*Recorded data*:
>>>

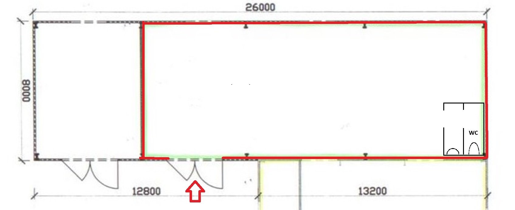 Součástí prostoru je vlastní sociální zázemí – WC a umyvadlo.
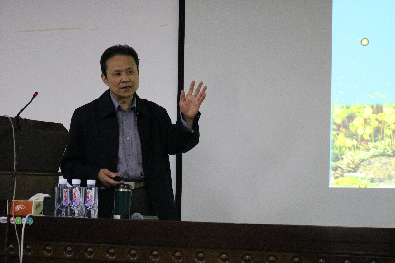 何奕騉教授的报告围绕藻苔,这一被比拟为具有类似银杏和水杉等“活化石”价值的苔藓植物展开。报告人介绍了藻苔的形态特殊性,将其作为研究对象的原因,并展示了其研究团队十几年来的研究内容与成果。团队在青藏高原海拔约4000米的嘎瓦隆古冰川地区建立样方和小气象站,并通过实地观察和全年实时摄影等方法获得了藻苔完整的生活史。基因组分析构建的系统进化树显示,藻苔归属于藓类植物门并于基部独成一枝。晚白垩纪(距今约8000万年)发生的“喜马拉雅(造山)运动”将藻苔推到4000米海拔的青藏高原,它演化出独特的生理生化、个体形态和种群结构特征以适应其所处的极端恶劣的自然环境。何奕騉教授还指出,全球气候变暖可能给藻苔种群在青藏高原的正常生长发育带来巨大威胁。
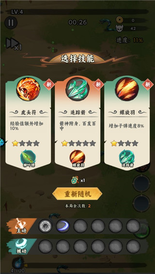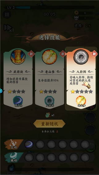 3、进入关卡后先进行技能选择,优先选八卦阵,能实现低损耗甚至无伤刷怪;
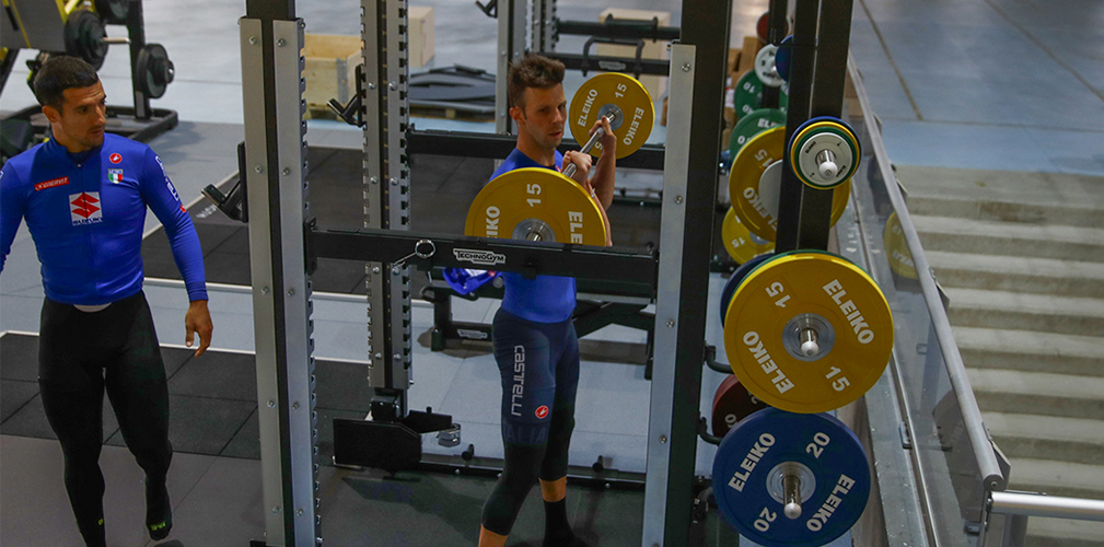 Tanta salita e tanta palestra, ogni due giorni. Squat, pressa e balzi. Non abbiamo fatto la forza in bici, solo a secco e con carichi importanti. Parliamo di 4-5 serie di squat con 3 ripetute al 90-95% del massimale. Ne uscivo con le gambe massacrate. I primi due giorni all’arrivo sono stati blandi, dal terzo si è cominciato con questo regime.
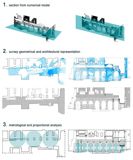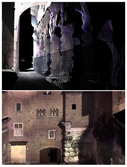 The Italian territory is full of buildings with historical and cultural value, which require more or less invasive transformation. For this reason, methods and tools to store, share, and manage information on their past, present, and future status are necessary. This implies continuous updating between the methods of massive data acquisition, more and more precise in metric accuracy, and digital models, ever more complete for information quality [,]. The presence on the territory of a very high number of existing buildings, many of them of high historical and cultural value, which require more or less incisive transformation interventions, has favored the extension of a European directive of 2014 (EUPPD 2014/24/EU). It promotes a new approach concerning the entire building process (design, representation, construction, management, and maintenance) and invites the use of BIM not only for new construction interventions but also for restoration, adaptation, or maintenance. In this context, it is necessary to keep in mind the link between these operations and knowledge and documentation of the history and current-state of the artifacts. They are closely connected with the activities of acquisition of historical heritage data. The integration of survey data, now increasingly complete, heterogeneous, and shareable, and the HBIM systems, allows for a lot of reality-based information to be brought in. This information (metric, geometric, morphological, material, chromatic) expressed through digital models allows for improvement of the knowledge of the building and offers control using the acquired data in the development of subsequent projects.
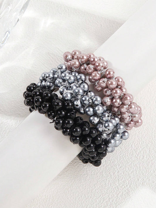 3 HÄrelastikker med Perler - i SÞlv, Sort & Rosa
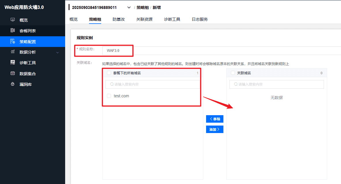 输入规则名称并关联域名
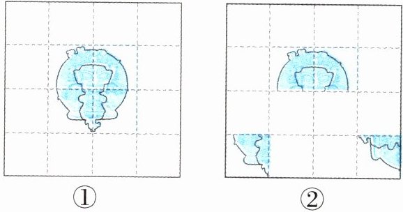 5. 将图②中左下角的卡片先向右平移1格,再向上平移1格;将图②中右下角的卡片先绕所在小方格的左下顶点沿逆时针方向旋转90°,再向上平移1格。
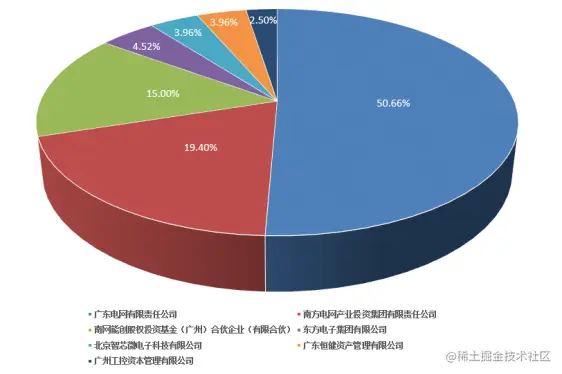新引入的5家战略投资方中,南网能创股权投资基金(广州)合伙企业(有限合伙)(以下简称南网能创基金)投资金额3.84亿元,持股比例15%;东方电子集团有限公司(东方电子集团)投资金额1.16亿元,持股比例4.52%;北京智芯微电子科技有限公司(智芯公司)和广东恒健资产管理有限公司(恒健资产)投资金额均为1.014亿元,持股比例均为3.96%;广州工控资本管理有限公司(以下简称工控资本)投资金额0.64亿元,持股比例2.5%。而企业原有第一大股东广东电网持股比例降至50.66%,第二大股东南网产业投资集团持股比例降至19.40%。

<<<

*Task to complete*: Copy every line exactly, from the opening line of the entries down to the line holding "Tanta salita e", and keep the pictures out.

*Task response*:
 Součástí prostoru je vlastní sociální zázemí – WC a umyvadlo.
 何奕騉教授的报告围绕藻苔,这一被比拟为具有类似银杏和水杉等“活化石”价值的苔藓植物展开。报告人介绍了藻苔的形态特殊性,将其作为研究对象的原因,并展示了其研究团队十几年来的研究内容与成果。团队在青藏高原海拔约4000米的嘎瓦隆古冰川地区建立样方和小气象站,并通过实地观察和全年实时摄影等方法获得了藻苔完整的生活史。基因组分析构建的系统进化树显示,藻苔归属于藓类植物门并于基部独成一枝。晚白垩纪(距今约8000万年)发生的“喜马拉雅(造山)运动”将藻苔推到4000米海拔的青藏高原,它演化出独特的生理生化、个体形态和种群结构特征以适应其所处的极端恶劣的自然环境。何奕騉教授还指出,全球气候变暖可能给藻苔种群在青藏高原的正常生长发育带来巨大威胁。
 3、进入关卡后先进行技能选择,优先选八卦阵,能实现低损耗甚至无伤刷怪;
 Tanta salita e tanta palestra, ogni due giorni. Squat, pressa e balzi. Non abbiamo fatto la forza in bici, solo a secco e con carichi importanti. Parliamo di 4-5 serie di squat con 3 ripetute al 90-95% del massimale. Ne uscivo con le gambe massacrate. I primi due giorni all’arrivo sono stati blandi, dal terzo si è cominciato con questo regime.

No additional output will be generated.